ЧЕРЕЗ ЧЕТЫРЕ РЕКИ
Любовь Трофимовна родилась 21 июня 1923 года в Курске. День её восемнадцатилетия стал последним днём мирной жизни. После полудня город беспокойно переговаривался: что будет дальше? отразят ли наши нападение? приблизится ли враг? Красной Армии ещё многому предстояло научиться — через огромную кровь и поражения. Фронт покатился на восток. В конце августа Курск подвергся первым бомбардировкам.

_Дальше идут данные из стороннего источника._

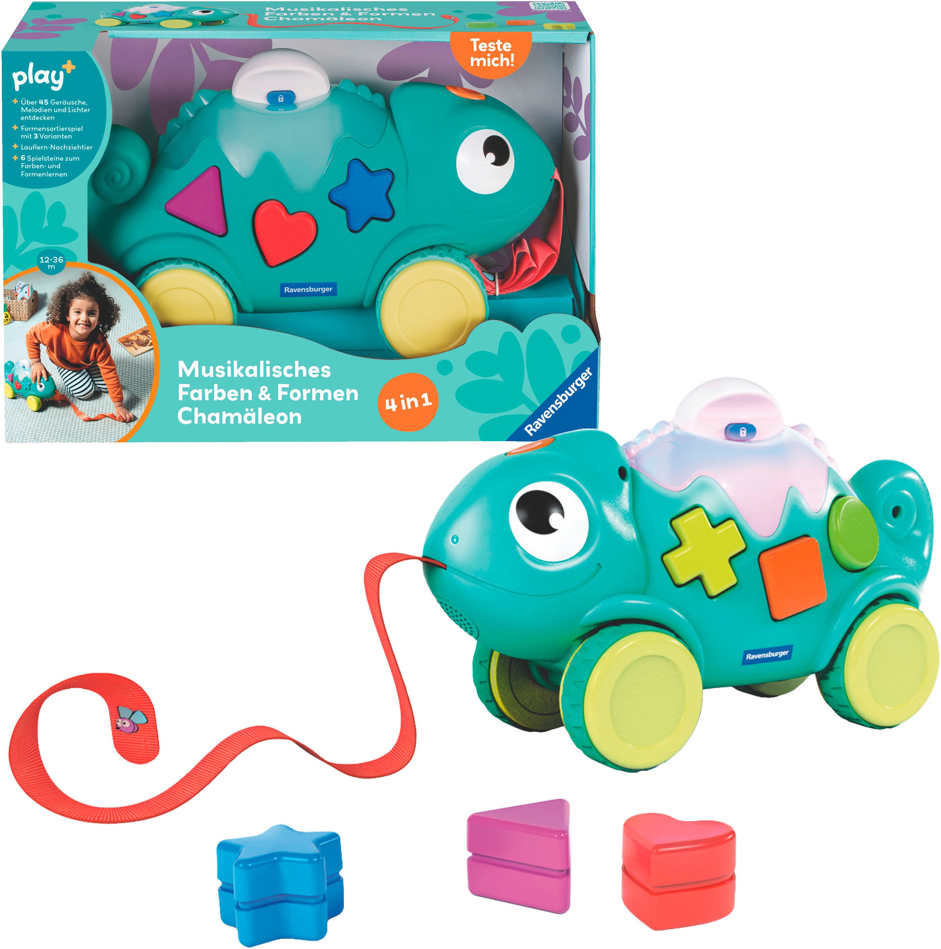 Ravensburger Steckspielzeug Play+ Musikalisches Farben & Formen Chamäleon, Made in Europe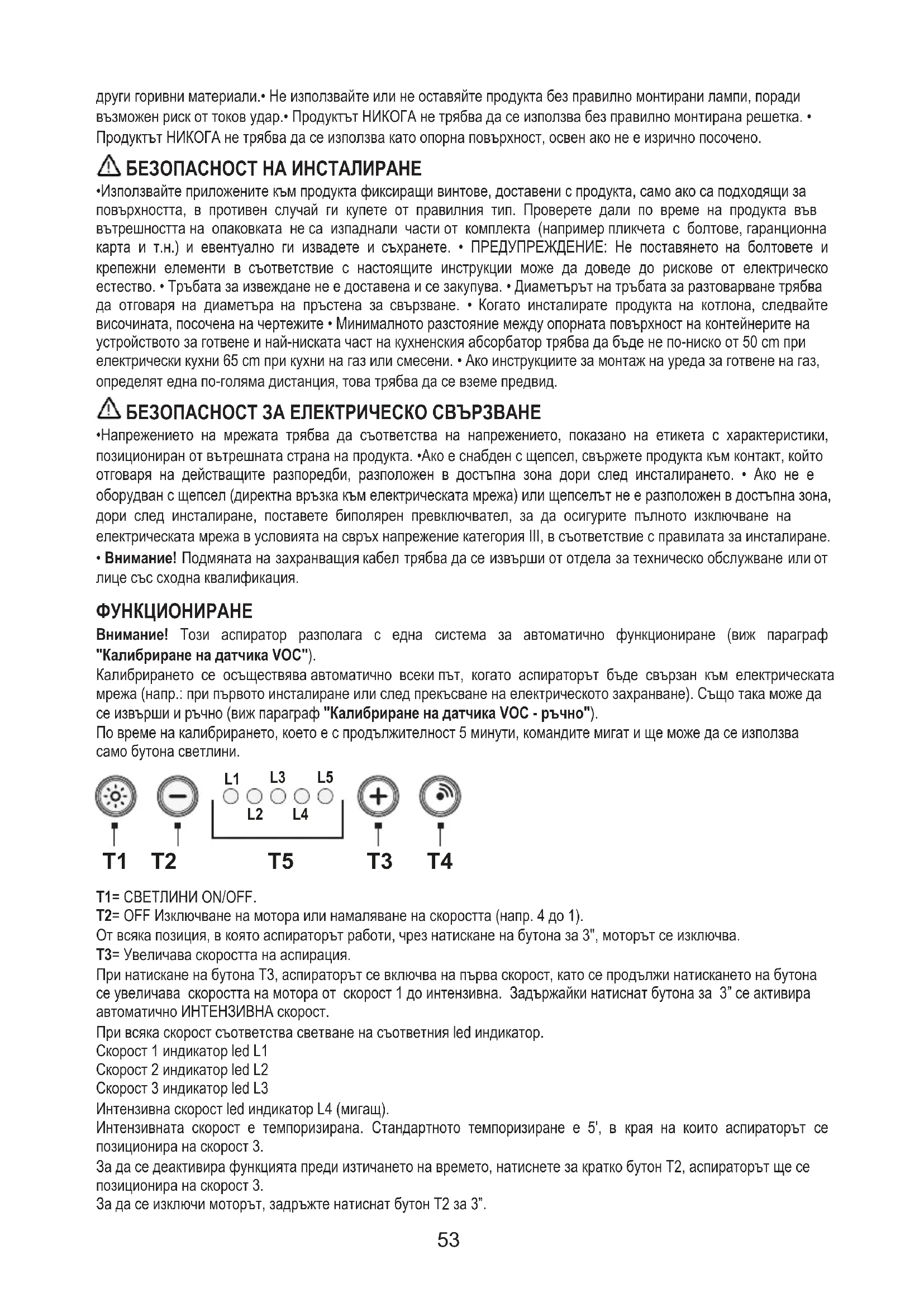 T1= СВЕТЛИНИ ON/OFF. T2= OFF Изключване на мотора или намаляване на скоростта (напр. 4 до 1). От всяка позиция, в която аспираторът работи, чрез натискане на бутона за 3", моторът се изключва. T3= Увеличава скоростта на аспирация. При натискане на бутона T3, аспираторът се включва на първа скорост, като се продължи натискането на бутона се увеличава скоростта на мотора от скорост 1 до интензивна. Задържайки натиснат бутона за 3” се активира автоматично ИНТЕНЗИВНА скорост. При всяка скорост съответства светване на съответния led индикатор. Скорост 1 индикатор led L1 Скорост 2 индикатор led L2 Скорост 3 индикатор led L3 Интензивна скорост led индикатор L4 (мигащ). Интензивната скорост е темпоризирана. Стандартното темпоризиране е 5', в края на които аспираторът се позиционира на скорост 3. За да се деактивира функцията преди изтичането на времето, натиснете за кратко бутон T2, аспираторът ще се позиционира на скорост 3. За да се изключи моторът, задръжте натиснат бутон T2 за 3”. 53T4= Датчик ON/OFF. Активира или деактивира функцията на датчика VOC. При натискане на бутона функцията VOC се активира и led индикаторът L5 става син. Когато функцията на датчика VOC е активирана, моторът трябва да бъде изключен (ако предходния статус е бил включен). Аспираторът ще светне на най-подходящата скорост, въз основа на изпарения от готвене, открити от датчика, с който е оборудван аспиратора. T5= Индикатор на статус на функциониране Калибриране на датчика VOC Калибрирането на датчика продължава около 5 минути, като се натисне бутон T4, аспираторът светва на първа скорост (фиксиран led индикатор L5), докато led индикаторите L1 L2 L3 L4 започват да мигат циклично. Калибрирането е завършено, когато led индикаторите L1 L2 L3 L4 се изключат, последвани от звуков сигнал (бип). По време на калибрирането е възможно да се включат или изключат само светлините. Калибрирането е необходимо, за да позволи на датчика, с който е оборудван аспираторът, да работи правилно и може да бъде: автоматично: всеки път, когато аспираторът бъде свързан към електрическата мрежа (напр.: при първото инсталиране или след прекъсване на електрическото захранване). ръчно: да се извърши, когато се забележи незадоволително функциониране на автоматичното функциониране и да се извърши, когато в кухнята продължават да съществуват нормални условия на околната среда. Ръчното калибриране се активира чрез натискане и задържане за 6" на бутона T4. Избор на плота за готвене За да използвате по най-добрия начин функцията VOC, е необходимо да изберете правилния тип плот за готвене (газ - индукционен или електрически). Когато аспираторът и датчикът VOC са изключени, натиснете едновременно бутоните T1 и T4, докато чуете звуков сигнал (бип), отпуснете бутоните и с последващите натискания или на бутон T1 или T4, можете да изберете желания плот за готвене по следната схема: Led 1: газов плот за готвене Led 2: електрически плот за готвене Led 3: индукционен плот за готвене избраният бутон остава включен, за да покаже, че изборът е бил направен, след 10 секунди бутонът мига за кратко, за да покаже, че направеният избор е записан. Сигнализация на филтър за мазнини След 40 часа функциониране, индикаторът led L1 и L5 започват да мигат. Когато се появи тази сигнализация, инсталираният филтър за мазнини трябва да се измие. За да занулите сигнализацията, задръжте натиснат бутон T2 за 3”. Сигнализация на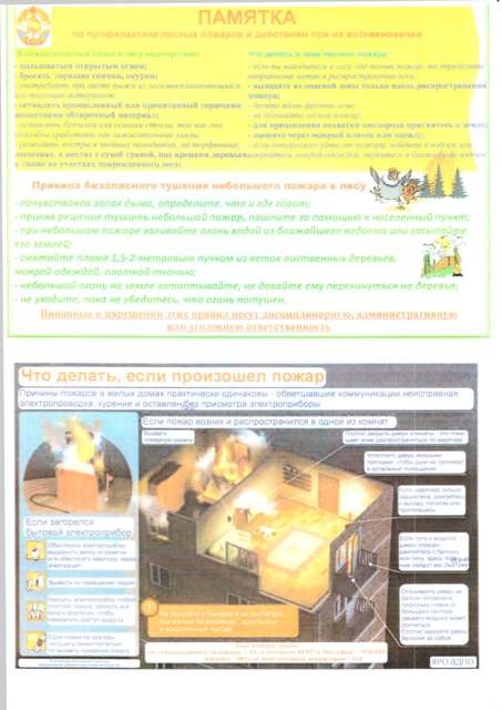 ПАМЯТКА НАСЕЛЕНИЮ по действиям при лесном пожаре: Ввиду начала пожароопасного сезона обращаем внимание на меры пожарной безопасности. В лесу недопустимо: пользоваться открытым огнем; выжигать траву под деревьями, на лесных полянах, прогалинах, а также стерню на полях, в лесу; разводить костры в хвойных молодняках, на торфяниках, лесосеках, в местах с сухой травой, под кронами деревьев, а также на участках поврежденного леса; употреблять на охоте пыжи из легковоспламеняющихся или тлеющих материалов; оставлять промасленный или пропитанный горючими веществами обтирочный материал; заправлять горючим баки двигателей, использовать неисправные машины, курить или пользоваться открытым огнем вблизи машин, заправляемых горючим; оставлять бутылки или осколки стекла, так как они способны сработать как зажигательные линзы. Виновные в нарушении этих правил несут дисциплинарную, административную или уголовную ответственность. Действия населения в зоне лесного пожара: окунитесь в ближайший водоем или накройтесь мокрой одеждой; для преодоления нехватки кислорода дышите через мокрый платок или смоченную одежду, пригнитесь к земле; определите направление ветра и распространение огня; выбрав маршрут выхода из леса в безопасное место, выходите только в наветренную сторону и вдоль фронта огня; приняв решение о тушении небольшого пожара, пошлите за помощью в населенный пункт; при небольшом пожаре заливайте огонь водой из ближайшего водоема, сметайте пламя 1,5-2 м пучком из веток лиственных деревьев, мокрой одеждой, плотной тканью; небольшой огонь на земле затаптывайте, не давайте ему перекинуться на деревья, не уходите, пока не убедитесь, что огонь потушен.

Жили в надежде, что всё-таки минует, всё-таки армия сдюжит именно здесь, уже завтра. В медицинском техникуме, где училась Любовь Коноваленко, продолжалась учёба. Выпускной состоялся ночью, при закрытых окнах — в темноте город скрывался от вражеских самолётов.
Назначение молодая медсестра получила в 15 километрах от дома, под Курском, в местечко Свобода — там были санаторий и районная больница. В конце октября ей дали первый за месяц выходной — на 1—2 ноября. Идти нужно было уже не 15 километров, а все 25 — привычную дорогу постоянно бомбили. Долго ли коротко, но до дома добраться удалось. А первого ноября, в субботу, начались оборонительные бои за город. К вечеру воскресенья всё было кончено, ночью Курск был оставлен врагу.
Любовь Коноваленко на два года попала в оккупацию. Беспросветное, скудное время, когда мало было поводов для надежд. Трижды угоняли в Германию — удавалось выжить, вернуться домой. Ей трудно вспоминать о том периоде — очень тяжёлые были месяцы.
Однако Красная Армия, отброшенная до самой Москвы, здесь встала насмерть. Жестокость гитлеровцев знали теперь все — ни одной деревни больше им не отдать! Сильный враг преподал на поле брани крепкие уроки, которые усвоили и могли не меньше спросить со своего «учителя». Столица выстояла. Немецкие войска потерпели первое стратегическое поражение. Медленно, но верно советские солдаты стали теснить врага. Всё свободнее дышала родная земля. Вот уже и Курск вновь появляется на штабных картах, где намечали новое сражение.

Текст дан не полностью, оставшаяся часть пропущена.